Die großflächige Transformation von Moorlandschaften durch Trockenlegung und Torfabbau ist ein globales umweltgeschichtliches Phänomen und ein wichtiges Kapitel in der Geschichte des anthropogenen Klimawandels. Obwohl Moore nur drei Prozent der Erdoberfläche ausmachen, binden sie gut 30 Prozent des insgesamt im Boden gelagerten Kohlenstoffs. Ihre Trockenlegung setzt große Mengen an Treibhausgasen frei und beeinträchtigt Moore in ihrer Funktion als aktive Kohlenstoffsenken. Brände beschleunigen den Emissionsprozess zusätzlich. Auch wenn Russland das Land mit den größten gegenwärtig bekannten Torfvorkommen der Welt ist und acht Prozent seines Territoriums von Mooren bedeckt sind – die umfassenden Eingriffe in diese Ökosysteme hatten ihren Preis.
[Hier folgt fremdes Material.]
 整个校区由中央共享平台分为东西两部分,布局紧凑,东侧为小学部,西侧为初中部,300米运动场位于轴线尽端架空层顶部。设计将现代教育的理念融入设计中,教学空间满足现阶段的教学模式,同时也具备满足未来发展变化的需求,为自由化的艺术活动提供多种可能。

Im Hinblick auf Emissionen von zerstörten Torfmooren rangierte der europäische Teil Russlands 2008 an zweiter Stelle weltweit, übertroffen nur von Indonesien, wo tropische Feuchtgebiete in großem Maßstab trockengelegt und in Plantagen umgewandelt werden. Moorschutz und Klimaschutz sind folglich daher zwei Seiten einer Medaille.
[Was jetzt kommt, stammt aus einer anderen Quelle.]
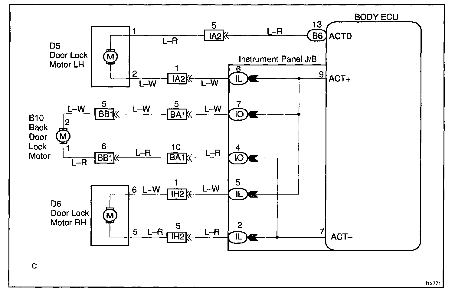 When the door switch is set to LOCK, the body ECU outputs a signal to lock all of the doors.

Die Haltung der russischen Regierung zu diesen Problemen ist ambivalent. Während es heute in Russland kaum explizite Moorschutzgebiete gibt, sind Moore häufig indirekt, z. B. als Teil von Naturschutzgebieten einer ökonomischen Nutzung entzogen. Zugleich führen wissenschaftliche Institutionen mit Unterstützung des Staates und NGOs Programme zur Wiedervernässung durch, die nach den Bränden von 2010 deutlich ausgeweitet wurden. Dem gegenüber steht allerdings die von der Regierung geförderte Wiederbelebung der Torfwirtschaft. Seit einigen Jahren aktiv als ein lokaler Energieträger beworben, wurde der Torf kürzlich sogar als erneuerbare Energiequelle definiert, um dem Wirtschaftszweig einen grünen Anstrich zu verpassen. Dass Torfmoore regelmäßig zum Ziel illegalen Raubbaus werden, macht die Situation zusätzlich kompliziert.
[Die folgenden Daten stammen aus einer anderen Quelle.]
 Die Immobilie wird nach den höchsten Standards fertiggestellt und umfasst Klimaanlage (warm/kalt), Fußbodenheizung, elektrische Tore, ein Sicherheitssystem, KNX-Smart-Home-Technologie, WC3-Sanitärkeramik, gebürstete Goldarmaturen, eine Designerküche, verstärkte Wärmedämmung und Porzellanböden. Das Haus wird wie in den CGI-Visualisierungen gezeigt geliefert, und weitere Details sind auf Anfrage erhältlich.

Die Brände auf trockengelegten Flächen verdeutlichen die unmittelbare ökologische Relevanz staatlicher Herrschaft. Während der Zentralstaat durch die großflächige Transformation von Moorlandschaften ein Umweltproblem von globaler Tragweite schuf, stellten sein Rückzug und das anschließende Vakuum von Verantwortlichkeiten und Zuständigkeiten ein nicht minder großes Problem dar. Dass Versuche zur Renaturierung gegenwärtig mit einem Revival der Torfindustrie einhergehen, ist nicht zuletzt eine Folge der unentschiedenen Rolle Russlands auf dem Gebiet der Klimapolitik. Während die russische Führung die rhetorische Unterstützung internationaler Abkommen als diplomatisches Faustpfand oder zum Ausweis des eigenen umweltpolitischen Verantwortungsbewusstseins nutzt, bleiben verbindliche Zusagen und konkrete Maßnahmen häufig aus. Sollte sich die künftige Regierung zur bislang aufgeschobenen Ratifizierung des Pariser Klimaabkommens entschließen, ließe sich aus dem ökologischen Problem trockengelegter Moore klimapolitisch Kapitel schlagen: Da Renaturierungs- und Wiedervernässungsprogramme von Mooren seit einigen Jahren als Maßnahmen des Klimaschutzes anerkannt werden, bietet die Intensivierung entsprechender Initiativen eine verhältnismäßig einfache Möglichkeit zur Einlösung klimapolitischer Verbindlichkeiten. Es bleibt zu hoffen, dass die zukünftige russische Regierung in dieser Ironie eine Chance erkennt.